From the material below, copy exactly the lines beginning with the one that contains "公司获得2017年河北省医药工业十强企业" and ending with the one that contains "寄居駅までの道すがら、白いタンポポを見つけました!"; the pictures stay out.

## [Data for this exercise]
-------

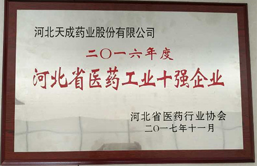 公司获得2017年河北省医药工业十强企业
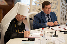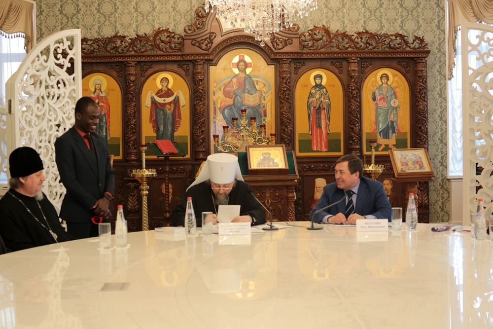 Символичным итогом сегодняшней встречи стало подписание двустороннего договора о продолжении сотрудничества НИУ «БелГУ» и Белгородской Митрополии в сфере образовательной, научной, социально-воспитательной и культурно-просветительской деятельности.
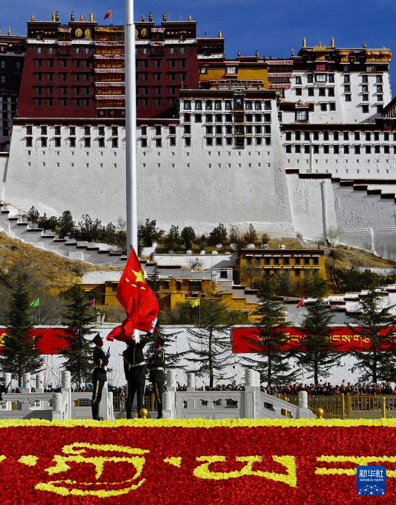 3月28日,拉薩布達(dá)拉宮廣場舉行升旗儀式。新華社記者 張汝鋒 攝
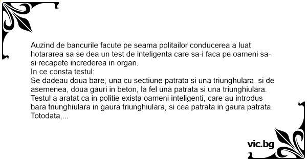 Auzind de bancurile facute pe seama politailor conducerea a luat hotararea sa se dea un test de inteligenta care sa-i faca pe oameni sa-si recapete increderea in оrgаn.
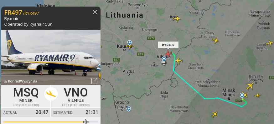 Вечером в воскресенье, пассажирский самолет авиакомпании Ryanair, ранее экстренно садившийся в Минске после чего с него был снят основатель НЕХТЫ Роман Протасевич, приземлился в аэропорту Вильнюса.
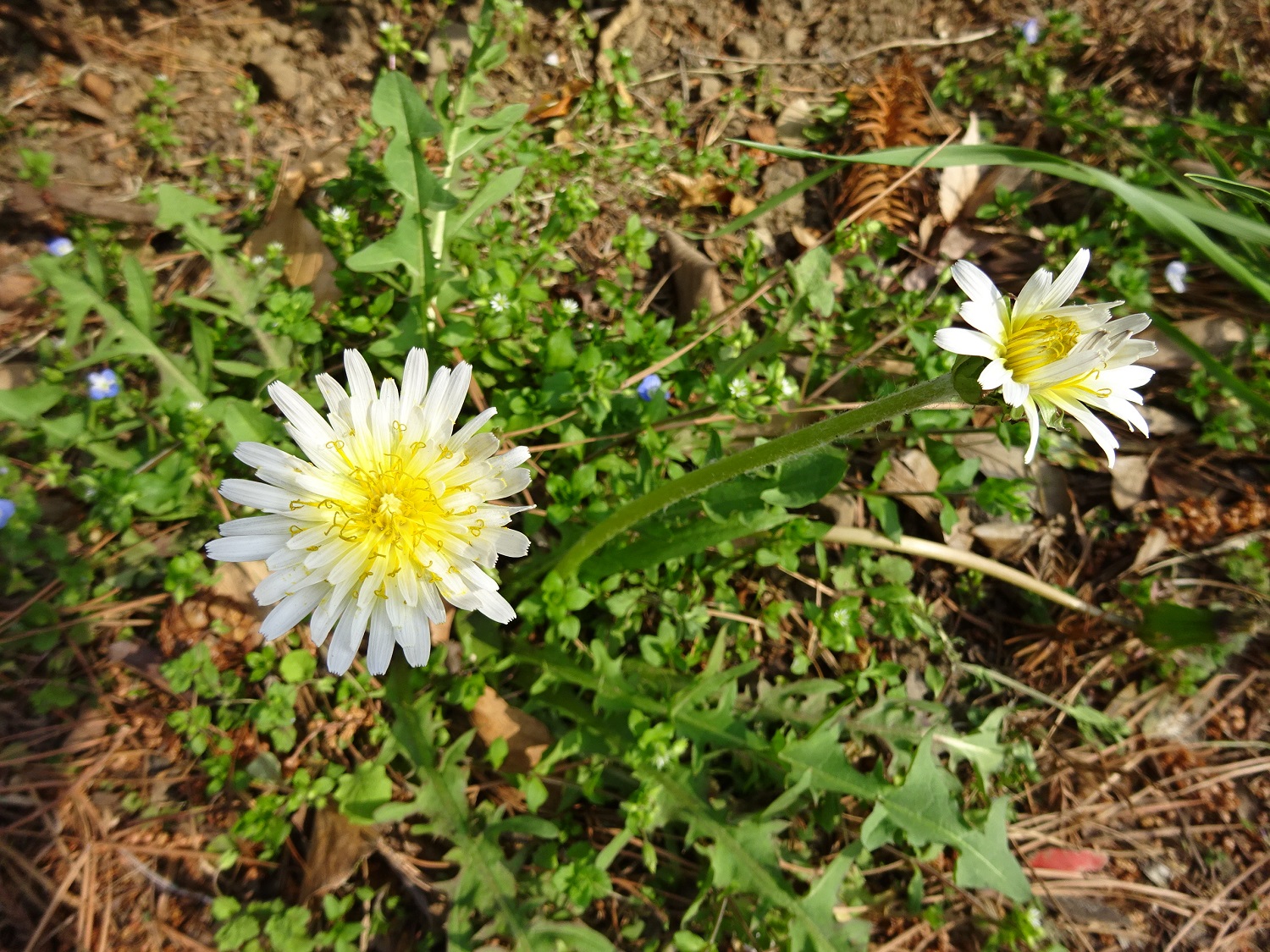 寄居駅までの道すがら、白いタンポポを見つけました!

-------

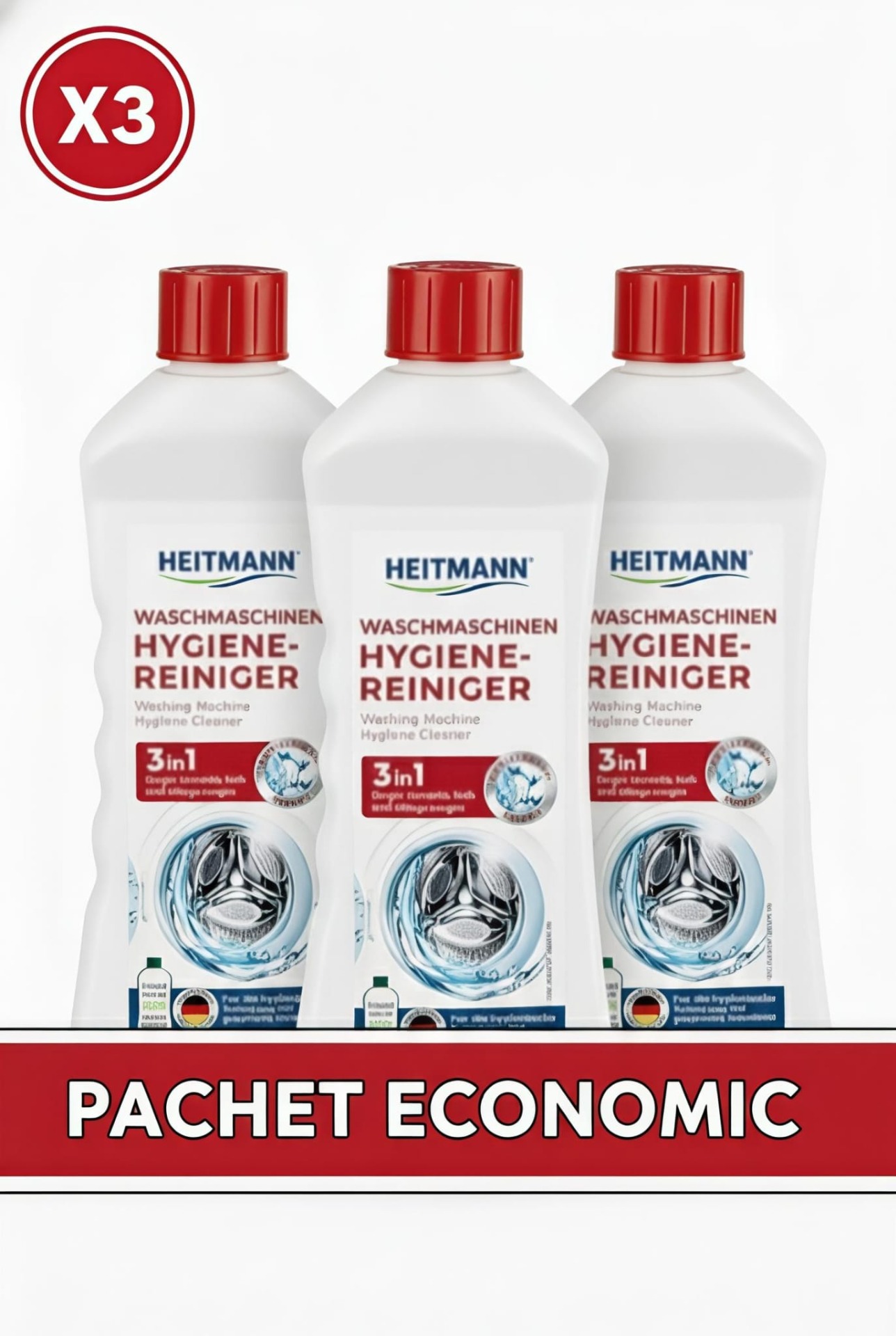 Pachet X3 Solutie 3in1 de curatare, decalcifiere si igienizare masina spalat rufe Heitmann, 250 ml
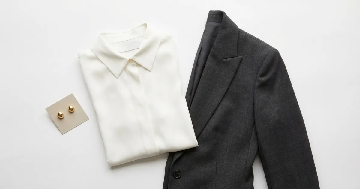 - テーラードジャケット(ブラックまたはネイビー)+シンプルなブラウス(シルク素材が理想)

-------

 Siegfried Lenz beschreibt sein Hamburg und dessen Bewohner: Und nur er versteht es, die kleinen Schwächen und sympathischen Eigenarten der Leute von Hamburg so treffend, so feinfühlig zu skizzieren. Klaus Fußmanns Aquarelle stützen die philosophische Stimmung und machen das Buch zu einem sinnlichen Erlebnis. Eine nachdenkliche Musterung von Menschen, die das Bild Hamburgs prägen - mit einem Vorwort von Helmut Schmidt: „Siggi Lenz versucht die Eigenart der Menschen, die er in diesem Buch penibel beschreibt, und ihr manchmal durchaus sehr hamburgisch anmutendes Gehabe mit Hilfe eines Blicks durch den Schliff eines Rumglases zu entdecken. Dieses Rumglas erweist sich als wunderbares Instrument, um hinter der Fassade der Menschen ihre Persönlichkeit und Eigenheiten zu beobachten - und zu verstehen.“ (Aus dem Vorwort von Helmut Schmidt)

-------

## [Answer to this task]
 公司获得2017年河北省医药工业十强企业
 Символичным итогом сегодняшней встречи стало подписание двустороннего договора о продолжении сотрудничества НИУ «БелГУ» и Белгородской Митрополии в сфере образовательной, научной, социально-воспитательной и культурно-просветительской деятельности.
 3月28日,拉薩布達(dá)拉宮廣場舉行升旗儀式。新華社記者 張汝鋒 攝
 Auzind de bancurile facute pe seama politailor conducerea a luat hotararea sa se dea un test de inteligenta care sa-i faca pe oameni sa-si recapete increderea in оrgаn.
 Вечером в воскресенье, пассажирский самолет авиакомпании Ryanair, ранее экстренно садившийся в Минске после чего с него был снят основатель НЕХТЫ Роман Протасевич, приземлился в аэропорту Вильнюса.
 寄居駅までの道すがら、白いタンポポを見つけました!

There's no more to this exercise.